PASS: Convergence of the Poisson solver

2.1 PASS: Convergence of the Poisson solver

Author: Stéphane Popinet
Command: sh poisson.sh poisson.gfs
Version: 0.8.0
Required files: poisson.gfs (view) (download)
poisson.sh res-7.ref error.ref order.ref
Running time: 6 seconds

This is one of the test cases presented in Popinet [19]. We solve the Poisson equation in a square domain with Neumann boundary conditions on all sides and the right-hand-side:

∇·U^⋆⋆(x,y) = −π²(k²+l²)sin(π kx)sin(π ly)

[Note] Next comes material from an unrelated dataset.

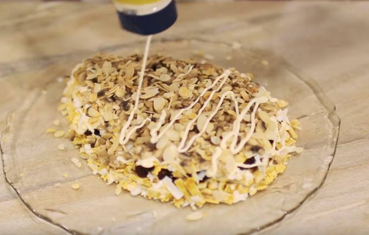 - Пропуская майонез, сверху на миндальные орешки выкладывают натертое на терку или покрошенное вилкой яйцо.

with k = l = 3. The exact solution of the Poisson equation with this source term is

φ(x,y)=sin(π kx)sin(π ly).

Figure 1 illustrates the evolution of the maximum residual as a function of CPU time. Figure 2 illustrates the average residual reduction factor (per V-cycle). The evolution of the norms of the error of the final solution as a function of resolution is illustrated on Figure 3. The corresponding order of convergence is given on Figure 4.

Figure 1: Evolution of the residual.

Figure 2: Average reduction factor.

Figure 3: Evolution of the error as a function of resolution.

Figure 4: Corresponding convergence order.

2.1.1 PASS: Convergence with a refined circle

Author: Stéphane Popinet
Command: sh ../poisson.sh circle.gfs
Version: 0.8.0
Required files: circle.gfs (view) (download)
res-7.ref error.ref order.ref
Running time: 21 seconds

Same as the previous test but in order to test the accuracy of the gradient operator at coarse/fine boundaries, two levels of refinement are added in a circle centered on the origin and of radius 0.25.

The solver still shows second-order accuracy in all norms (Figure 8).

Figure 5: Evolution of the residual.

Figure 6: Average reduction factor.

Figure 7: Evolution of the error as a function of resolution.

Figure 8: Corresponding convergence order.